If the original manufacturer’s warranty has not expired (i.e. the lease driver only drove 36,000 miles out of a 50,000 basic warranty), then the second buyer has the remaining balance of the manufacturer’s warranty: 14,000 miles or the time remaining before warranty expiration. The buyer of one of these “certified pre-owned vehicles” may also receive a separate manufacturer’s warranty covering the vehicle for an additional term, sometimes up to 100,000 miles.

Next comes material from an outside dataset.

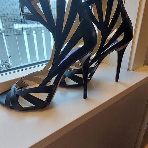 Gladiator sandaler høy hæl hel sort svart Stiletto Hæl Pumps design sko italienske Haute couture strikk Leather Peep-Toe Elasticized Cage Booties leather peep-toe pumps with straps at tops, stitching and covered heels. Heels: 4" black

Thanks to the Stiles decision, buyers of used cars, whether or not “certified pre-owned”, that were sold with the balance of the original manufacturer’s warranty, now have rights under the California lemon law. If such vehicles cannot be repaired for defects following a reasonable number of repair attempts, the buyer can seek a refund of the purchase price or cash damages, and a winning consumer can have his or her attorney’s fees paid by the manufacturer.
In 2022, California’s Fourth District Court of Appeals (covering San Diego, Riverside and San Bernardino counties) decided Rodriguez v. FCA US LLC, 77 Cal. App. 5th 209. The Rodriguez decision held the opposite—that the California lemon law only applies to new cars, and does not cover used cars sold with the balance of the original manufacturer’s warranty. What this means is that if the car is purchased in the Second District (LA, Ventura, etc.), the Stiles rule applies. If purchased in the Fourth District (Riverside, San Diego, San Bernardino), the Rodriguez rule applies. Of course, if someone buys a car in the Fourth District and has a lemon law situation, he or she can always contact my firm to see if we can file the case in Los Angeles—there are several ways for a consumer to file his or her lawsuit in LA even if the car is bought in Riverside, San Diego or San Bernardino.
The Rodriguez decision did not specifically address “certified pre-owned warranties”, and my firm takes the position that “certified” pre-owned vehicles are 100% covered by the California lemon law.
I hope this short article helps you. Thank you for reading.